Clemons called the facility’s closure “significant”and said that Northwest Community Health Center staff also has “been participating in planning meetings with Lincoln County officials as well as other healthcare stakeholders to assist in the development of a plan for potential solutions.”

“(We) will be evaluating our own capacity and available resources in the coming months to determine a course of action in the development of a strategic plan,” she said via email.

Kindra Hageness, the chief probation officer for 19th Judicial District Youth Court Services in Libby, said the facility’s closure “will impact the kids and families as well as our communities in many ways.”

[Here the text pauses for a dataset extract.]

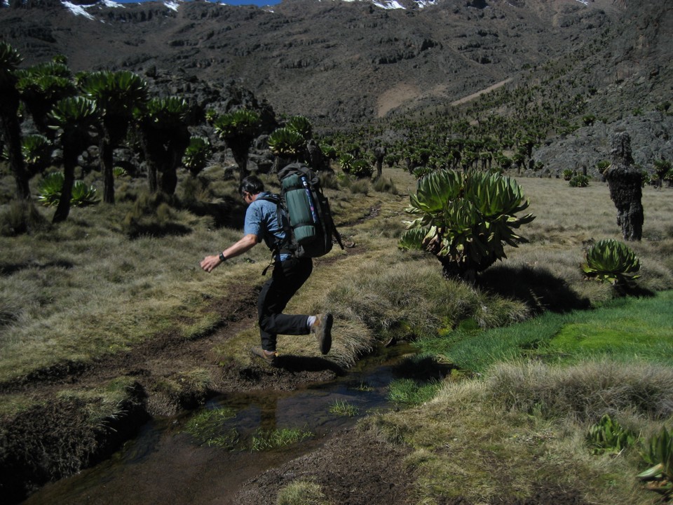 Jumping a bog in Temple Fields in a forest of giant groundsel

“As probation officers, we have relied heavily on WMMHC for many years,” she said via email. “The children’s case managers have been a huge asset for the kids and families they serve. They have made sure kids get to both their mental health and medication appointments. They are also very good advocates in all systems for the kids and families who are receiving their services.”

The case managers were also proficient in the “huge task” of properly and accurately filling out the paperwork that secures Medicaid funding, she wrote.

Without them, “getting a youth into a therapeutic placement will become a much longer and I am sure more frustrating and difficult process,” she wrote. “Which may mean, kids sitting in detention centers longer.”

Hageness also noted that the parents of many of the children her department works with are themselves clients at the Mental Health Center.

“I can only imagine the stress that will be in some of those homes,” she wrote. “With stress will come calls to the police officers or child and family services. I am guessing there will be a rise in criminalizing kids so they are able to get services, (since) the WMMHC case managers and therapist will not be available to assist these families.”

Hageness is also sad to see the dedicated mental health professionals she’s worked with lose their jobs.

“I have seen tears from an employee, not because of the loss of the job, but because of the unknown for the kids and families,” she wrote. “That’s true dedication.”